As Quibi Closes Down This Week, Here’s Some Key Lessons All Companies Can Learn From
1. You have to offer something better than others in the market or solve a problem. In other words, you must have a “competitive advantage” in some way.
2. Good execs hire people smarter than themselves. Quibi hired a lot of very smart people, on many fronts, but then didn’t listen to them.
3. Collecting the right consumer data will tell you how consumers want to engage with OTT services. We have plenty of this data in the video world but Quibi ignored it.
4. The power of any mobile content offering is sharing. By not allowing viewers to act as the marketing vehicle for Quibi’s content, Quibi threw away the biggest value of being on mobile.
5. Calling the service Quibi, a name many could not spell or pronounce, results in higher customer acquisition costs due to the education that is required.

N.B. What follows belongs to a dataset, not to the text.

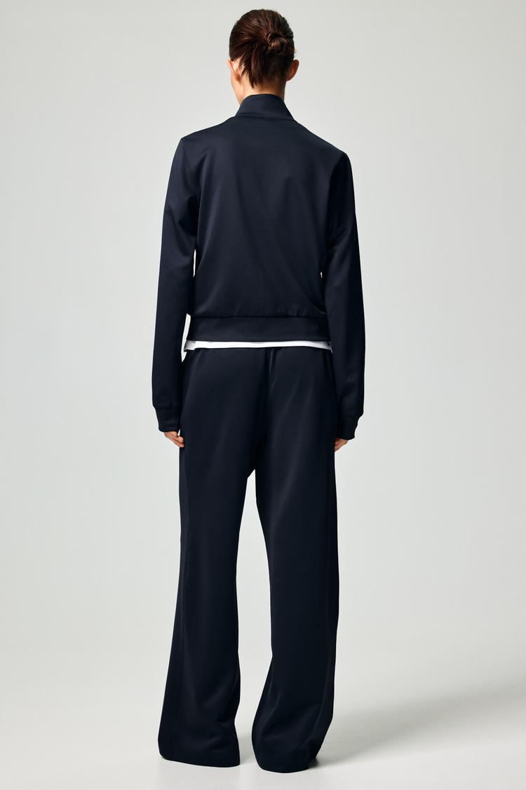Embrace effortless comfort and sleek style with these crease-front pull-on pants from H&M. Crafted from smooth black polyester fabric, they feature a relaxed wide-leg silhouette that flows gracefully to the floor, creating an elegant yet laid-back look. The regular waist rise with an elasticated waistband ensures a comfortable fit, while the clean hemline maintains a polished finish. Perfect for casual outings, travel, or everyday wear, these pants blend minimalist design with modern ease, making them a versatile staple for your wardrobe. Elevate your casual ensembles with this refined and cozy piece.
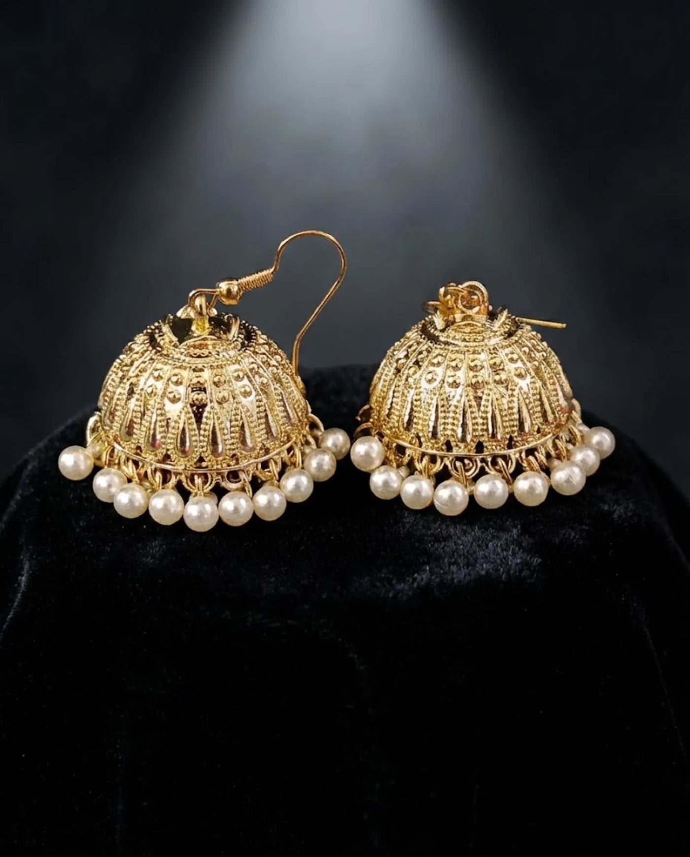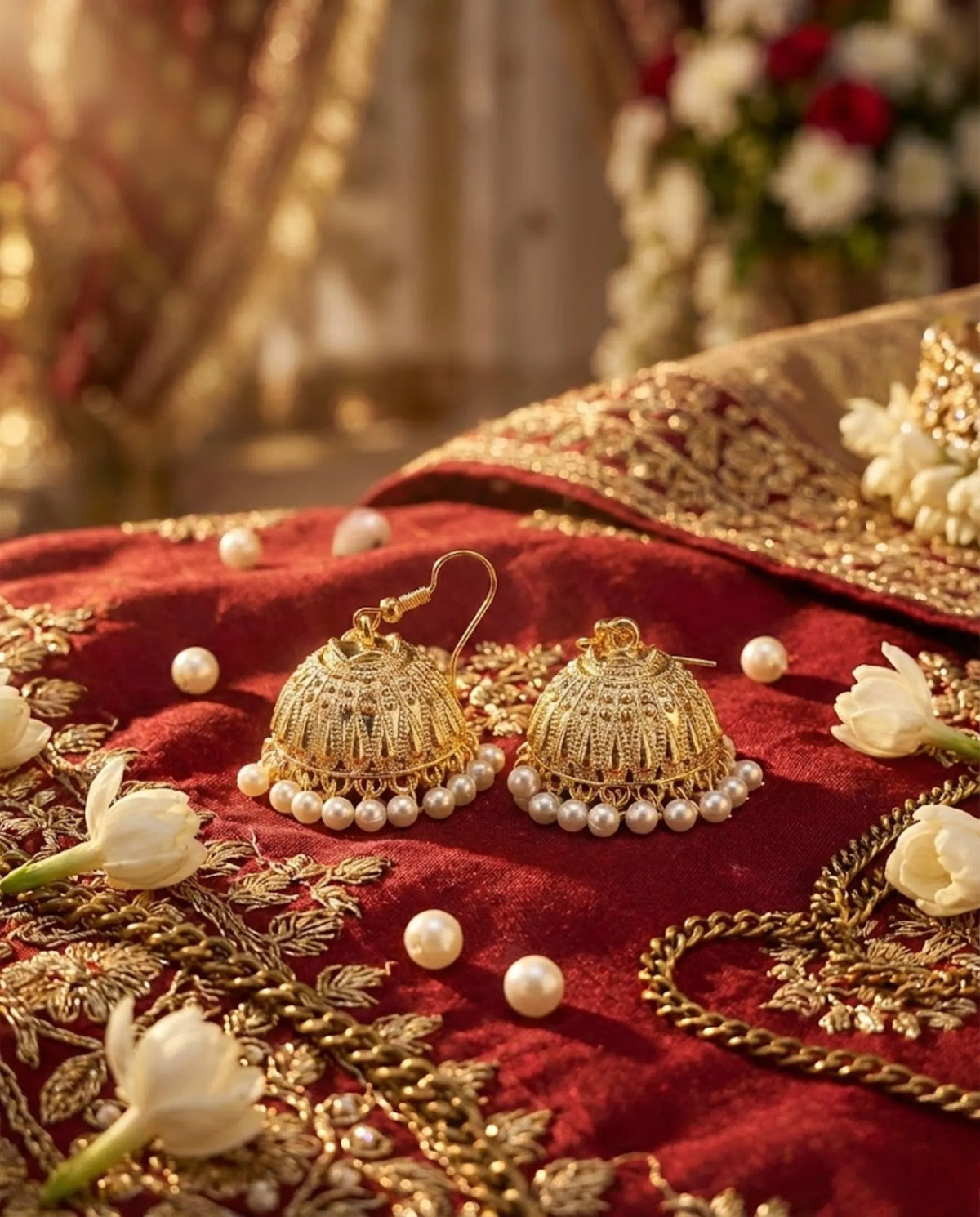 Orneza Gold Plated Square Jhumka Earrings with Ruby Drops

6. Marketing the service, instead of specific shows is a mistake. Consumers don’t care about the “channel”, but rather the content. Don’t highlight the “length” of the show, highlight the content. We all know content is king.

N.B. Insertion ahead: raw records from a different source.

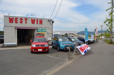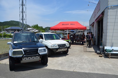 暑いながらも海からの風が程よく届いていた週末。スズキ自販福岡の車両提供による試乗展示会と、チーム・ウエストウインが保有する2台のダートトライアル用エスクードの展示を軸に、スズキエスクードミーティングが開かれました。三代目エスクードから四代目へと乗り換えのための商談に訪れる人、イグニスの試乗に来店される人、四代目エスクードを試乗する人などなど、ウエストウインの日常の延長といえばそのままです。
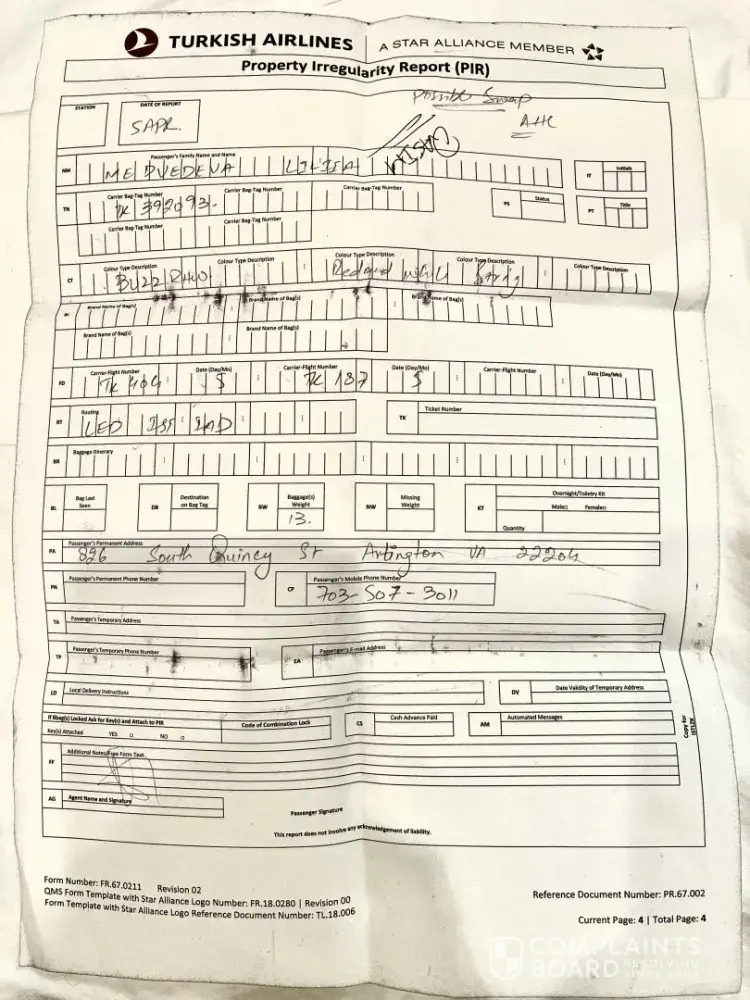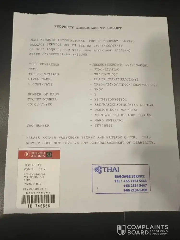 Formal complaint: involuntary rebooking, lost baggage, and child’s illness due to turkish airlines negligence
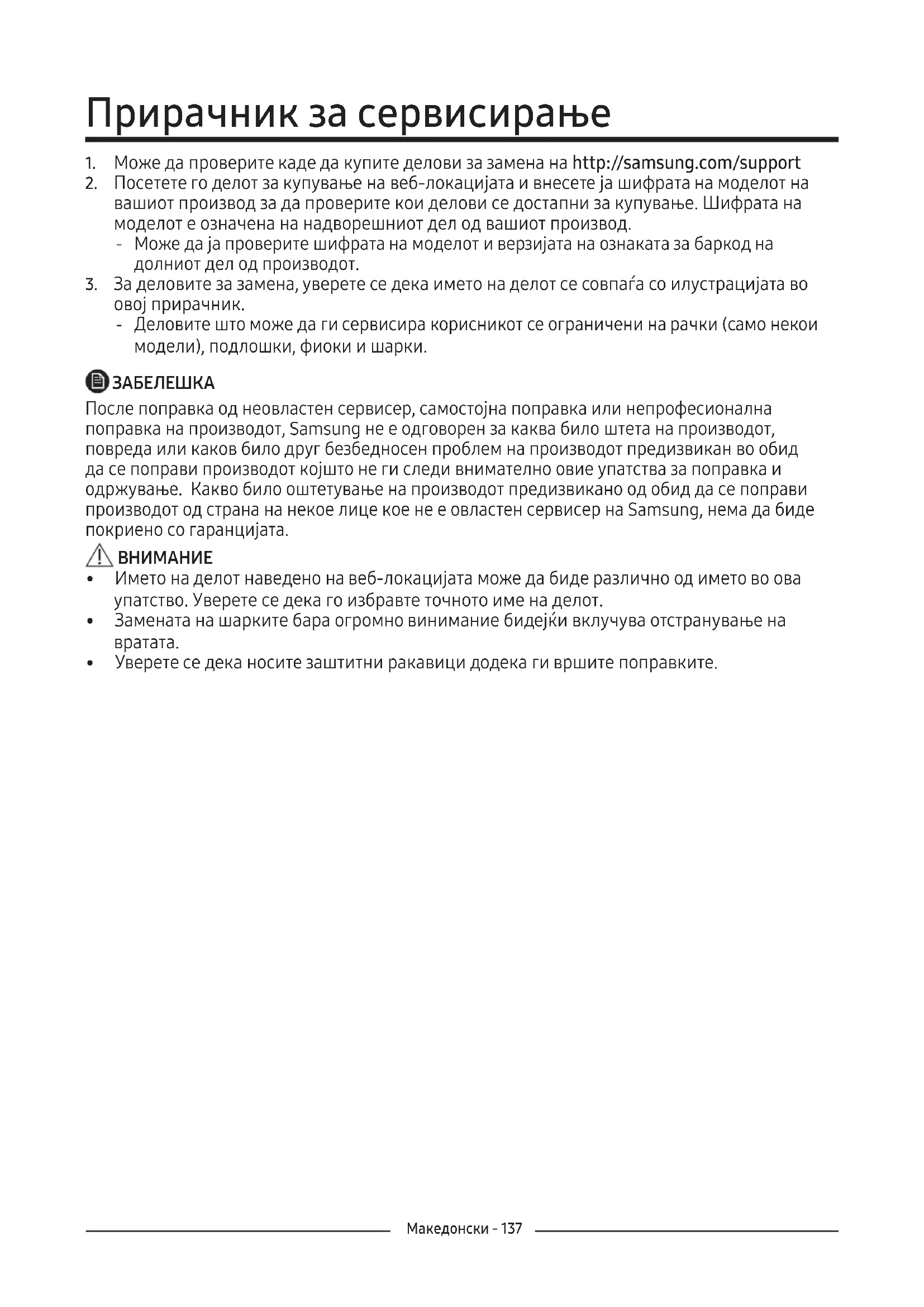 После поправка од неовластен сервисер, самостојна поправка или непрофесионална поправка на производот, Samsung не е одговорен за каква било штета на производот, повреда или каков било друг безбедносен проблем на производот предизвикан во обид да се поправи производот којшто не ги следи внимателно овие упатства за поправка и одржување. Какво било оштетување на производот предизвикано од обид да се поправи производот од страна на некое лице кое не е овластен сервисер на Samsung, нема да биде покриено со гаранцијата.

7. You have to set the proper expectations with advertisers. 22 brands bought $150M in advertising, #Quibi sold them on the metric of “reach”, but didn’t have it.
Math doesn’t lie and no matter how you ran the numbers, from a P&L standpoint, it would not lead to a profitable outcome. The content costs were too high and the fee they could charge consumers would always be too low. 100% of their revenue was generated from one service, without any revenue diversification like other OTT services have. When you have a plan that is setting yourself up for failure from day one, with a business model that doesn’t work, why should they be congratulated for “trying”? You can’t spend well over $1B to get a service off the ground and then “learn on the way”.
Quibi wasn’t a “startup” with a few dozen people and they ignored their own employees feedback, many of whom were the exact demographic they were targeting. Whitman has said the role of Quibi was for use “waiting for a doctor’s appointment or standing in line at the bank.” In those instances, consumers were not lacking video viewing options. TikTok, Instagram, Facebook, sports highlights, YouTube or the pause button, on any streaming service, works just fine. Qubi was looking to solve a problem that does not exist in the real world.
In all industries change happens and you need to be ready to adjust, even if you don’t know what the change will be. Some employees say there was no “what if this doesn’t work scenario” discussed internally. It can’t be an “all or nothing” approach. Lack of communication kills companies and you have to put in place a strategy to pivot, when the time comes, hopefully proactively instead of reactively.